I’m still not feeling quite so perky, but I have planned a menu for this week. Nothing sounds good. It’s been really hard to plan a menu. I think it will help to have one. It will keep me from standing in the kitchen at 5:00 looking clueless. And hopefully my appetite will come back soon! If I could just get that cough to go away!
As you can see I am keeping it very simple. Karen at Gluten Free Sox is hosting this week so be sure to check out all the great menus!
I have a great recipe to share. I make this fairly often in the summer. I made it several weeks ago and meant to post it, but since I haven’t been feeling well….you know how that goes! Matter of fact, I couldn’t even remember if I had posted it. I had to comb through my blog to refresh my memory!
This is another dish of mine I don’t measure anything. This is all made by personal preference.
Two small cans boneless salmon OR One large can salmon with bones removed. (You could really use fresh cooked salmon in this as well. Just chop it up)
2 cups cooked, cooled brown rice (approximately)
A couple spoonfuls of mayonnaise according to taste
chopped canned black olives
fresh parsley, chopped
salt and pepper
Mix all the above ingredients together. How much onion or black olives you add is up to you. Same goes for the curry, salt and pepper. If you’ve never used curry before, I would start with maybe a half teaspoon and go from there.

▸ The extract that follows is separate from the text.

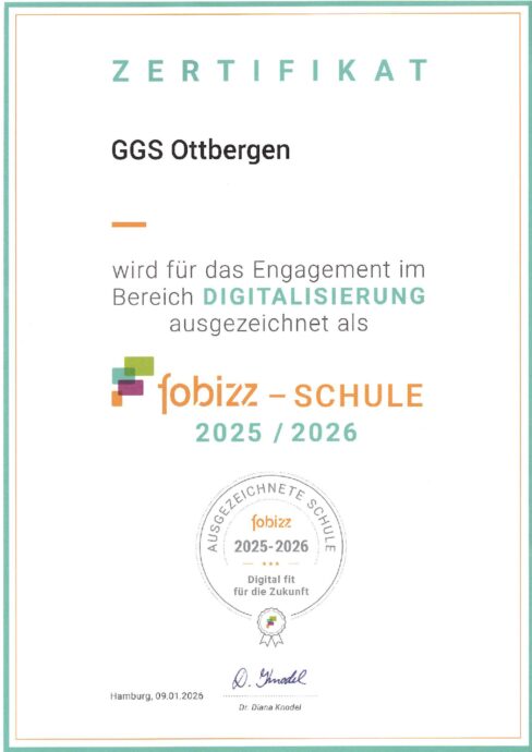 Wir wurden für unser besonderes Engagement im Bereich Digitalisierung als fobizz-Schule ausgezeichnet. Diese Ehrung würdigt unseren kontinuierlichen Einsatz für innovative Lernkonzepte, den souveränen Umgang mit digitalen Medien und die stetige Weiterbildung unseres Kollegiums.
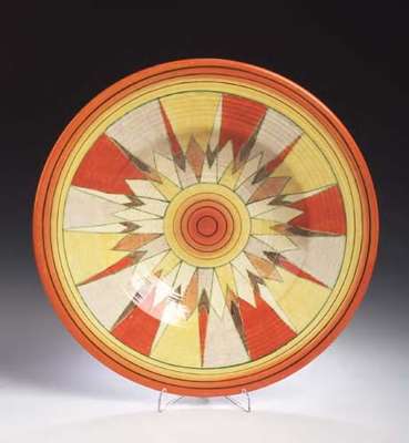 A large Clarice Cliff 'Bizarre' circular charger,

This is similar in nature to making tuna salad or potato salad. I don’t ever measure for those recipes. I add, I taste.
After you have your salad mixed up, chill it till it’s good and cold. I like to place a big scoop of salad on a bed of lettuce with whatever vegetables I have around the edge. It makes a great dinner or lunch and is pretty enough to serve company. This makes a very hearty meal too, especially if you have some bread to go with it!